Sunday, January 3, 2010

Brief History of The Pulfrich Effect

In 1922, Carl Pulfrich wrote a paper of the now called Pulfrich effect. In his paper, he gave credit to others for their contribution towards the Pulfrich effect. Pulfrich stated the phenomenon was brought to his attention pior to writing his paper by Professor Max Wolfe. Professor Wolf describe " a noteworthy steroeffect which now and then disturbingly confronted him during rapid movement of a pair of plates in the sterocomparator." (Christianson & Hofstetter, 1972)

Pulfrich also gave full credit to a techical assistant, F. Fertsh, for the findings that the "difference in brightness of the view in front of the two eyes elicited the (Pulfrich) effect." (Christianson & Hofsetter, 1972) Fertsh was also credited for his explanation of the phenomenon in terms of perceptual latency.

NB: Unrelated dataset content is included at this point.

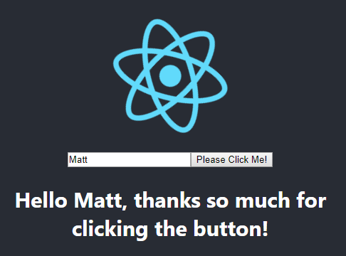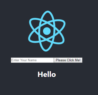 import React, { Component } from 'react'; import logo from './logo.svg'; import './App.css'; class App extends Component { state = { isLoading: false, greeting: "" }; sayHello = async (event) => { event.preventDefault(); let response = await fetch('/greeting?name=' + this.state.greeting); let body = await response.json(); this.setState({ greeting: body.name, isLoading: false, isGreetingVisible: '' }); } updateName = (event) => { event.preventDefault(); this.setState({greeting: event.target.value, isLoading: false}); } render() { const {greeting, isLoading} = this.state; if (isLoading) { return Loading... ; } return ( <div className="App"> <header className="App-header"> <img src={logo} className="App-logo" alt="logo" /> <div className="App-intro"> <input onChange={(event)=>this.updateName(event)} placeholder="Enter Your Name"></input> <button onClick={(event)=>this.sayHello(event)}>Please Click Me!</button> <h2 style={{visibility: this.isGreetingVisible}}>Hello {this.state.greeting}</h2> </div> </header> </div> ); } } export default App;`

Pulfrich's son, Hans, a doctor of Philosophy, was also given due credit for coming up with the theoretical analysis of the "path of apparent movement based on an assumed perceptual latency" ( Christianson & Hofstetter, 1972). Pulfrich only credited himself for the notion of the pulfrich phenomenon could be used in heterochromatic photometry.

In 1922, Pulfrich demonstration apparatus did not include a pendulum as it is usually stated in description of the pulfrich effects. Instead, blocks of square apectures were used. Below are the designs of Pulfrich's earlier models.( Figure 1 and 2)



(Christianson & Hoffsetter,1973)

Demonstration of the Pulfrich Effect

The Pendulum Swing




Instructions

The participant is seated comfortably. The participant is given a pair of dark glasses with one of the lens punched out (Figure 3.). The intact lens acts as an nuetral density filter. The participant is told to put the dark glasses on and told to face and focus on the screen. The screen is put at the eye level of the participant. On the screen, a pandulum is shown to be swinging from left to right repeatedly. After a short period of time, the participant will experience the pulfrich effect.




Figure 3. Dark Glasses with one lens punched out.






What is the Pulfrich effect?

The Pulfrich effect is a psychophysical perception where an "apparent spatial disparity is due to the unilateral increase in visual latency associated with the decrease retinal image intensity in the filtered eye. " (Nakamizo, Nickalls and Nawae, 2004) As a result of the "illusionary delay in one eye" ( Read & Cumming, N.D.) , the pendulum ,which is actually swinging back and forth in a frontoparallel plane, will be perceive to be swinging in an ellipse, moving back and forth in depth.

Reality Vs Perceived Reality : Introducing the Classical Explanation



Figure 4. Illustration of the Classical Pulfrich effect. (Lages,Mamassian and Graf, 2003)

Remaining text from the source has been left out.